March / April 2016
By Hillary Howland
For better or worse, endometriosis will always be part of “my story.” I think I always knew that the recurring episodes of intense abdominal pain, mindnumbing cramps, constipation, and a constant stabbing pain, literally stabbing, was not exactly normal.
But everyone told me, “Relax! It’s all part of being a woman!” For years I dealt with this until, at 19 years old, I finally saw a doctor who diagnosed me with endometriosis. I’d never heard of it before that day. I went through a laparoscopic surgery which confirmed that I did indeed have abnormal uterine tissue scattered throughout my body. And it was responsible for all those symptoms of “being a woman” I’d had over the years. This article could take up volumes of journals – thoughts, feelings, experiences – all associated with my link to this disease. I went through a period when I was told I was infertile, that I would never have children.
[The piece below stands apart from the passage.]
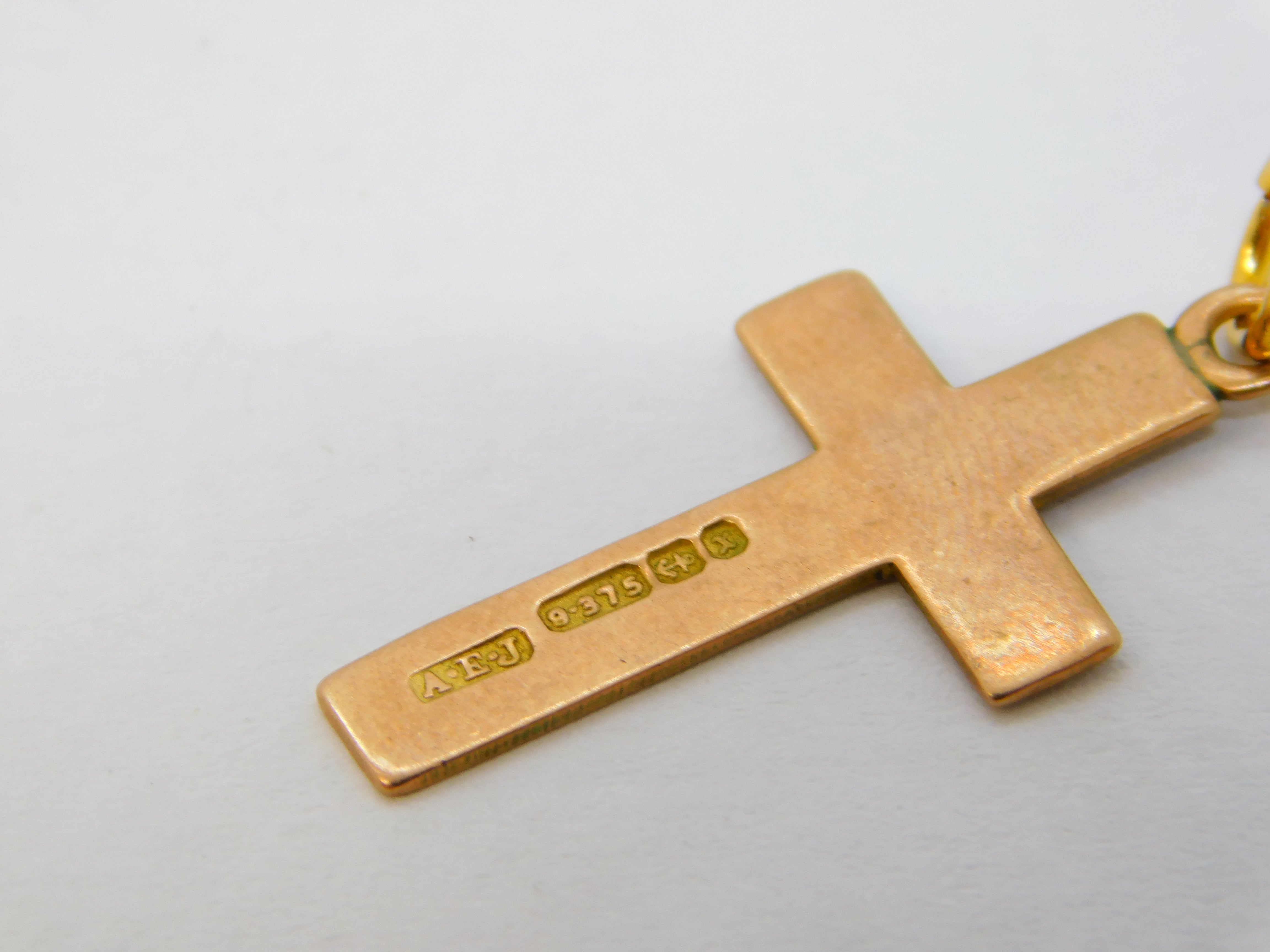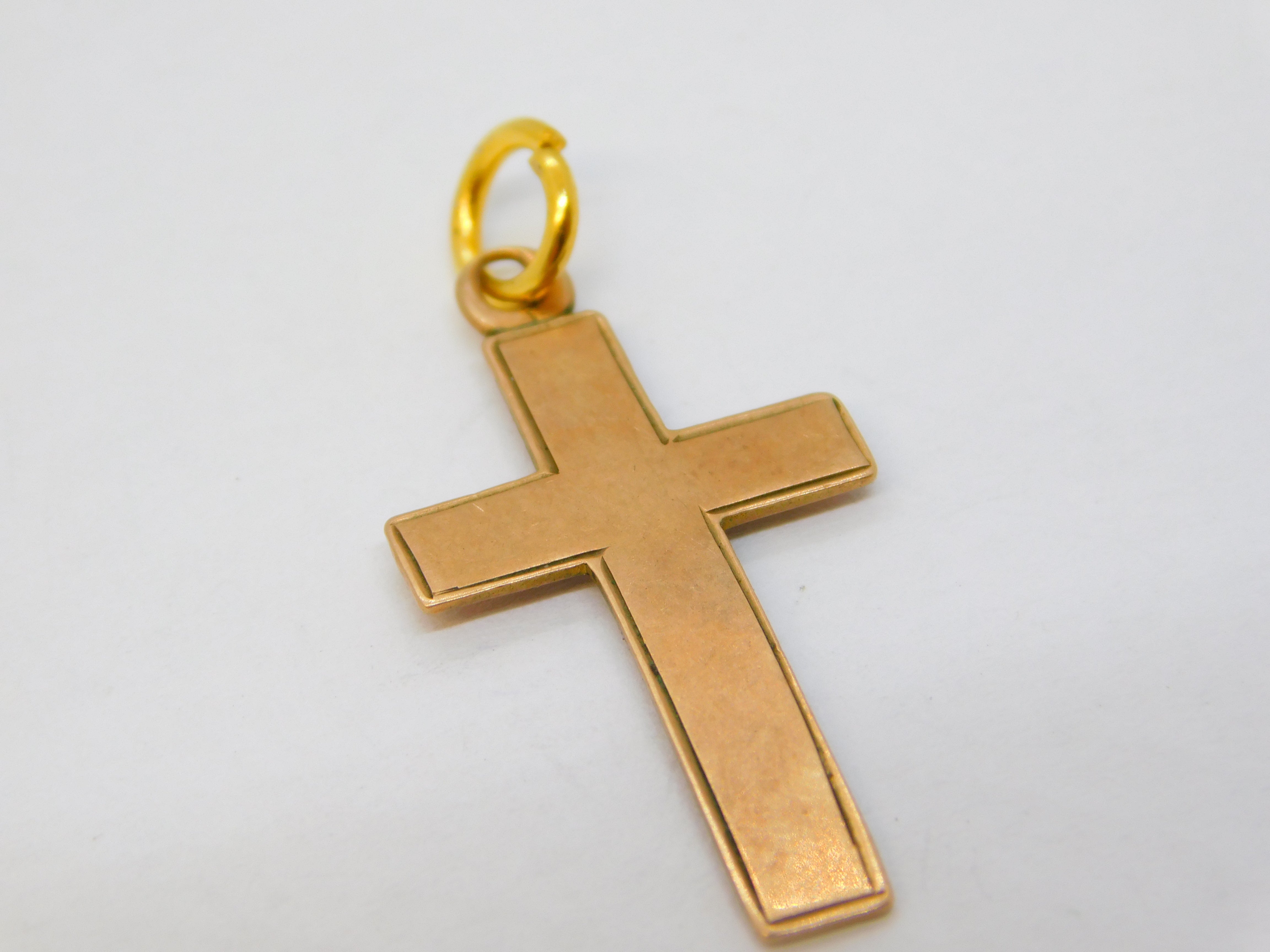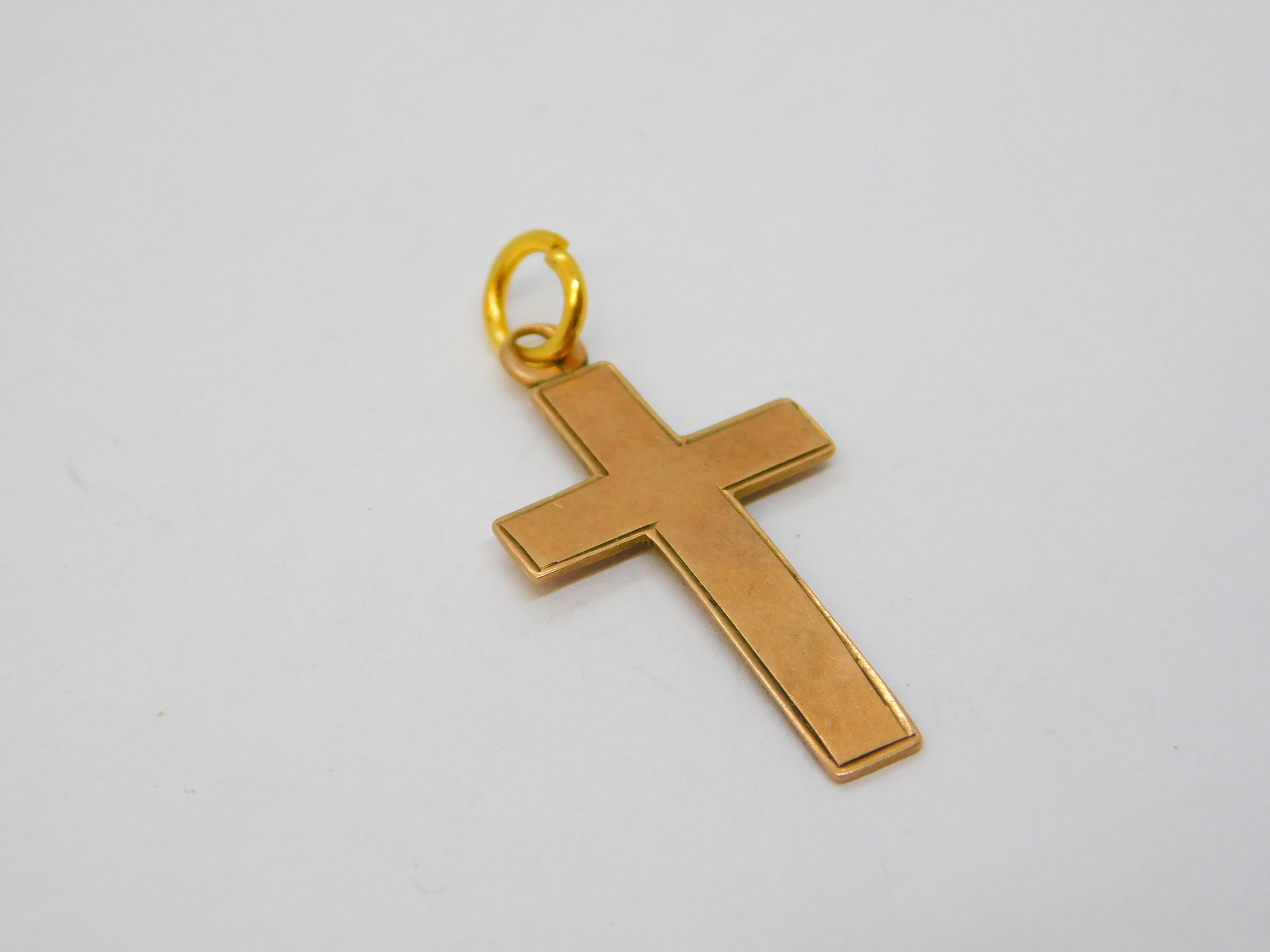 Victorian 9ct Rose Gold Minimal Cross Crucifix Pendant Antique 1897 Birmingham

I continue to this day to suffer from the disease, spending a joyous New Year’s Eve in the local emergency room with an ovarian cyst the size of a large fist, and needing a heavy dose of narcotics just to even tolerate the first day of 2016! “My story” though, I am grateful to say, has a happy ending. Two happy endings, really – Isabelle Grace (8) and Rockwell Reese (4). Saying that they are “worth it” would be cliché, and also, I feel, unfair to those with endometriosis or infertility who don’t have that happy ending. For any of those women, and for the millions of others that suffer with this, I simply offer my sympathy and understanding.